How do you know when a project is done or when you have to abandon a project?
I have to tell you that I have never let anything [long] go, ever. Not these four books. I’ve let go of lots of short stories. I haven’t become a seasoned enough short story writer to practice it. I’ve let many of those go, and almost don’t do it anymore. But in terms of longer work, for whatever reason, I’m properly calibrated to that length.
I’d love to hear a little bit more about the hunger you experience while writing. Why do you think that happens? Why are we so hungry when we write?

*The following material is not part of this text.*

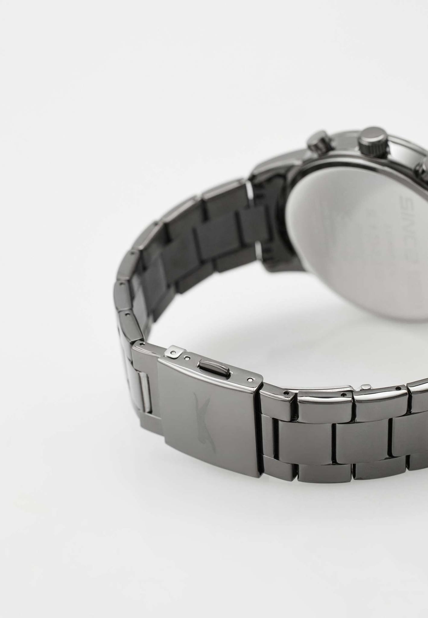 Часы Slazenger SL.09.2260.2.02 сочетают в себе выразительный дизайн и практичность, делая их отличным выбором для современного мужчины. Корпус и браслет выполнены из суперметалла с черным IP-покрытиеIP-покрытиеМетод ионного напыления. Демонстрирует повышенную устойчивость к истиранию, окислению и химическим веществам. Под воздействием высокого давления и температуры около 1500°C молекулы металла надёжно соединяются с частицами корпуса часов. — прочного сплава на основе меди с низким содержанием цинка и никеля, что обеспечивает долговечность изделия. На безельБезельВнешний ободок, закрепляющий стекло. В спортивных часах так называется поворотное кольцо с делениями на циферблате, выполняет роль таймера – замеряет отрезки времени на шкале. Неподвижный безель – элемент декора. Однонаправленно вращающийся безель на дайверских часах позволяет фиксировать моменты погружения и выныривания на поверхность. нанесено зеленое IP-покрытиеIP-покрытиеМетод ионного напыления. Демонстрирует повышенную устойчивость к истиранию, окислению и химическим веществам. Под воздействием высокого давления и температуры около 1500°C молекулы металла надёжно соединяются с частицами корпуса часов., что придает аксессуару утончённый и универсальный внешний вид. Модель оснащена точным кварцевым механизмом, защищённым минеральным стекломМинеральное стеклоМинеральное стекло представляет собой искусственно выращенный минерал кварца. Такое стекло отличается особой устойчивостью к повреждениям и царапинам. Уступает по некоторым качествам сапфировому стеклу.. На зеленом циферблате размещены дополнительные индикаторы: 24-часовой формат времени, дата и день недели. Класс водозащиты 5 бар позволяет не беспокоиться о брызгах и дожде. Диаметр корпуса составляет 45 мм, толщина — 12 мм, что придаёт часам солидный и современный вид. Стрелки с люминесцентным покрытиемЛюминесцентное покрытиеПозволяет считывать показания времени в темноте. Производители наносят на стрелки, часовые индексы, безель или поверхность циферблата светонакопительный состав, дающий холодное свечение. удобно подсвечиваются в темноте после зарядки на свету. Стальной браслет с раскладной застёжкойРаскладная застёжкаТакой тип застёжки используется только на браслетах из металла. Она никогда не раскрывается полностью, происходит разделение на 2 и более частей. Раскладывающая застёжка снизит вероятность потери часов к минимуму. обеспечивает комфортную посадку. Модель станет надёжным спутником как на каждый день, так и для особых случаев, а также превосходно подойдёт в качестве подарка.

It’s fascinating to me. Your brain is just working so, so hard. And it’s working in such a different way. I’m famished. I could have just eaten before I started and all of a sudden, I’m famished again. It’s like, you’re watching yourself deplete mental calories as you go. It’s so cool to observe. It feels like a supernatural event because you’re literally sitting still, you’re not exercising, but you’re shedding something so intensely and you need refueling so badly.
It’s really beautiful to think about. What is your approach to starting a project?
There isn’t anything particularly talismanic about beginning. Some idea, some flicker takes hold of you. In order for it to be a novel, it has to have connection to larger issues that have no resolution. And if something feels all of a sudden like it has a concrete situation, but it also has that reach, you might sit down one day and just go there. A part of you is quietly chanting: “I’m ignoring the intensity of this blank page. I’m ignoring the fact that it’s the first page. I’m ignoring the question of, could this be it? Could this be it? Could this be a new one?” Because it only happens so many times in your life that something goes from page one to page 336.
I tend to have a bigger desire to write when I don’t have time to write. I don’t know if you feel that way. I trick myself into note taking, which is not writing.
I don’t know. But you’re making me realize that as soon as you have an idea, you’ve got to have a proper writing day, because notes, as you know, are a pale alternative. They sustain the illusion that there’s a possibility there, waiting for you, but it’s a hologram until you try to write it.
Boris Fishman recommends:
Give Me Liberty. It is twice the film that Anora was. (Interestingly, Darya Ekamasova was in Give Me Liberty, too.)
Finland. I just took my daughter there to learn how to skate on the wild ice I never learned to skate on as a boy in Soviet Belarus. Maybe it was the silencing effects of winter and jet-lag, but I experienced a profound quietness that, considering the noise in America, felt like a miracle. I think it was the quietness of things working as they should, and people largely getting along. Finns are always called the happiest people on earth, but I think it’s actually that they’re the most secure-feeling.
Wine. There’s a lot of anti-alcohol talk now, and to each his own, but for me, the aroma and taste of well-made wine can turn into mind travel.
Dancing to electronic music. For me, progressive house rather than EDM, but otherwise, it is the cure for all ills.
The French spy series “The Bureau.” Very instructive about the degree of ethical and geopolitical complexity a European viewer can be counted on to withstand, versus an American.